Jordi Blom

Personal information
- Date of birth: 5 June 2002 (age 24)
- Place of birth: Amsterdam, Netherlands
- Position: Winger

Team information
- Current team: SV De Meer

Youth career
- SV De Meer
- 2010–2011: Ajax
- 2011–2021: WV-HEDW

Senior career*
- Years: Team / Apps / (Gls)
- 2021–2023: Jong Volendam / 51 / (5)
- 2021–2023: Volendam / 3 / (0)
- 2023: Quick Boys / 2 / (0)

= Jordi Blom =

Dutch footballer (born 2002)

Jordi Blom (born 5 June 2002) is a Dutch football player. He plays as a winger (on either left or right side) for amateur club SV De Meer.

==Club career==
Blom played futsal in the Dutch top-tier Eredivisie for ASV Lebo before switching to football. He signed a contract with Volendam on 8 June 2021, initially assigned to their Under-21 squad.

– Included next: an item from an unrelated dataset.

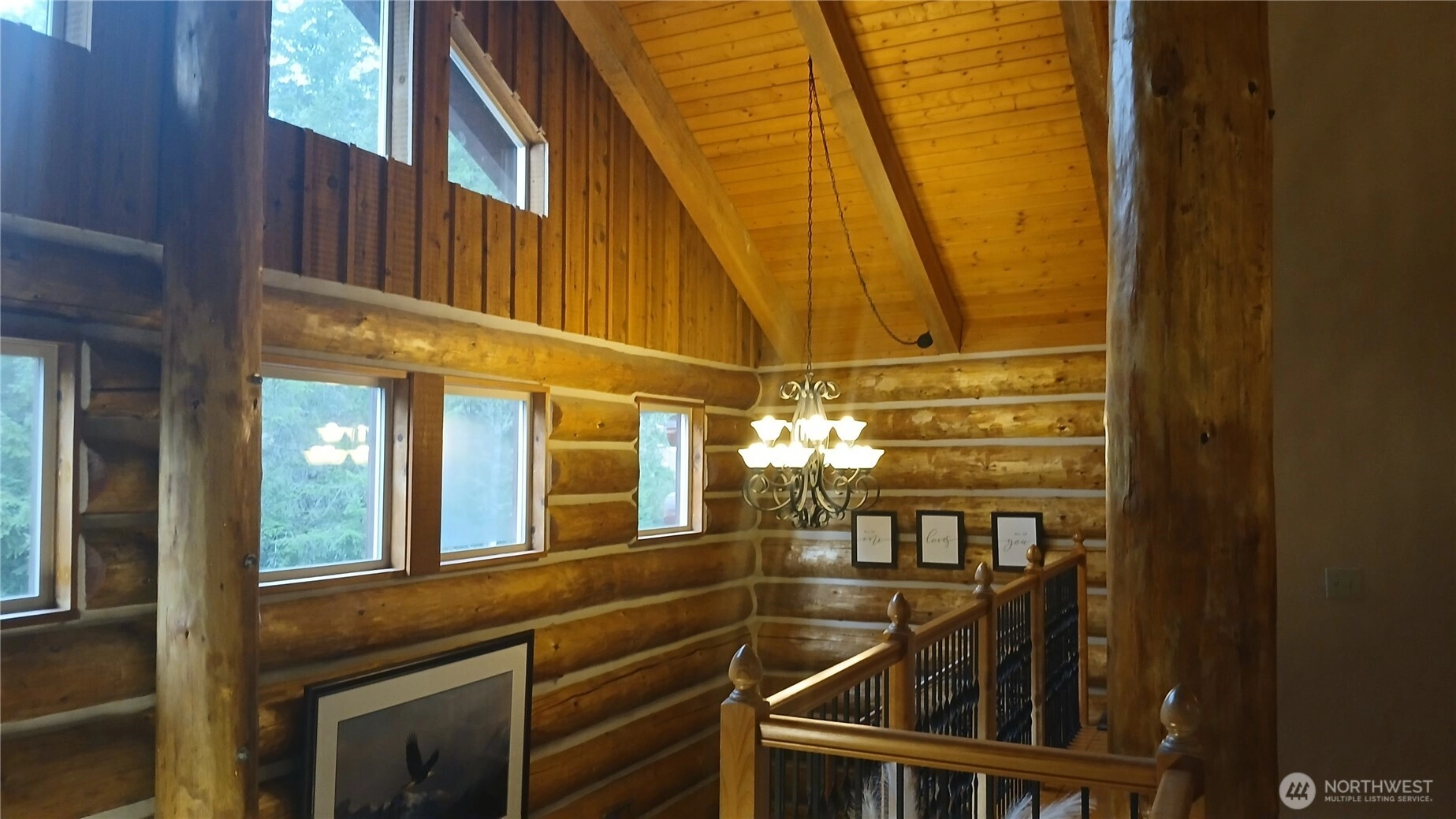 welcome to your ultimate 4.97 Acres escape: An exquisite custom-log home that perfectly marries rustic elegance with modern convenience, nestled within a private, serene, evergreen landscape. This stunning 2250 sq ft log home boasts soaring ceilings, exposed beams, and a grand, open concept design complete with a wet bar and flexible living spaces ( 3 bedroom + office + bonus room) This home features 3 full bathrooms, including a masters ensuite. Outdoor enthusiasts will love the unparalleled privacy, the secluded private trail and the daily wildlife viewing opportunities from the patio and windows. This 5 car garage with 14 ft door to enter a RV, private drive makes this a turn key sanctuary where luxury meets superior utility.

Blom made his professional debut for Volendam on 17 September 2021 in an Eerste Divisie game against VVV-Venlo. For the 2022–23 season, Volendam was promoted to the top-tier Eredivisie. Blom made his Eredivisie debut on 23 October 2022 against Heerenveen.

On 26 May 2023, Blom signed a one-year contract with Quick Boys, with a club option to extend for the second season. He had his contract terminated by mutual consent on 25 September 2023.

He returned to former club SV De Meer in 2025.